Also thinking of going to see the hot ice show if I can, haven't been to the ice rink since I was a teenager and used to watch the Blackpool Seagulls ice hockey there


----------



## soulman (Jul 19, 2006)

pk said:
			
		

> I'd have thought that would have been right up your street.



Rest my acheing sides


----------



## CyberRose (Aug 8, 2006)

I went to Blackpool last saturday and if I'd wanted to go to a town full of uneducated, common, working class, uncultured, chavs I'd have gone for a cheaper night out in Worksop, unfortunately my chav mate likes to go to places just to get drunk. It's as if it's got some kind of special status for him, to get drunk in certain places where UK Uncovered says it's cool to get pissed in.

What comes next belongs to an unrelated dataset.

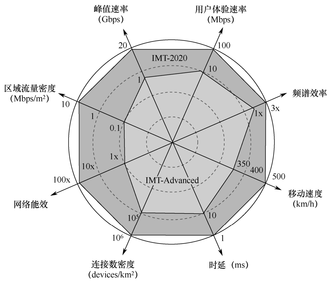 图2-2 IMT-2020(5G)与IMT-Advanced(4G)关键能力比较 [3]

Incidently he made us go to Prague for his stag do  I've never been so ashamed in my life  At least in Blackpool we were surrounded by like minded yobbos!

Humph, can anybody reccommend me any good middle class places to go for a night out?!


----------



## davesgcr (Aug 17, 2006)

Chemist shops on the front that sell condoms / cheap fags and hangover cures ...got the market sussed  

and a casino that offers free tea ......


----------



## soulman (Aug 18, 2006)

CyberRose said:
			
		

> 2
> Humph, can anybody reccommend me any good middle class places to go for a night out?!



brixton


----------



## citygirl (Aug 18, 2006)

well, don't care much fer "middle-class" places, meself...all frills and no knickers... 

we'll be there in october...come on you bantams!


----------